Из всех европейских стран, не исключая России, Англия наиболее энергично пережила тот период, который может быть назван периодом торжествующего естествознания. Не особенно продолжительный (20–25 лет), он оказался, однако, наиболее плодотворным в умственной жизни XIX столетия. Естествознание, его приемы, методы, его воззрения на природу и человека вторглись во все области знания, пересоздали философию и психологию, учения о нравственности и об общественном строе. Бокль, Милль, Спенсер смело могут быть названы «естествоиспытателями» человека и его духовной жизни.
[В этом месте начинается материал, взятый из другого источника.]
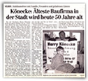 01.04.2000 | Könecke: Älteste Baufirma in der Stadt wird heute 50 Jahre alt "Bei der Baufirma Harry Könecke packt die ganze Familie mit an. Großvater Harry hat das Unternehmen gegründet, dessen Sohn Uwe ist heute Inhaber, Ehefrau Sigrid hält die Stellung in der Buchhaltung und ihre Söhne Jens und Carsten (...)" ![]() |

Разумеется, эпоха торжествующего естествознания наступила не сразу. Она подготавливалась, и притом очень долго, разрозненными усилиями десятков и сотен людей. Бэкон и Декарт, Лаплас и Лавуазье, Кювье и Биша – ее духовные отцы, деды и прадеды. Изучая природу, они постепенно приучали человека к мысли, что в окружающем его мироздании нет ничего случайного, произвольного, что все совершается по известным непреложным законам – безразлично, возьмем ли мы движение планет, или развитие органов какого-нибудь животного, или соединение химических элементов. Но после их трудов оставалась еще крупная и сложная задача – одухотворить той же самой идеей изучение человека и его историю, показать, что и здесь случай и произвол не играют никакой роли, и приступить к человечеству как к «естественному явлению».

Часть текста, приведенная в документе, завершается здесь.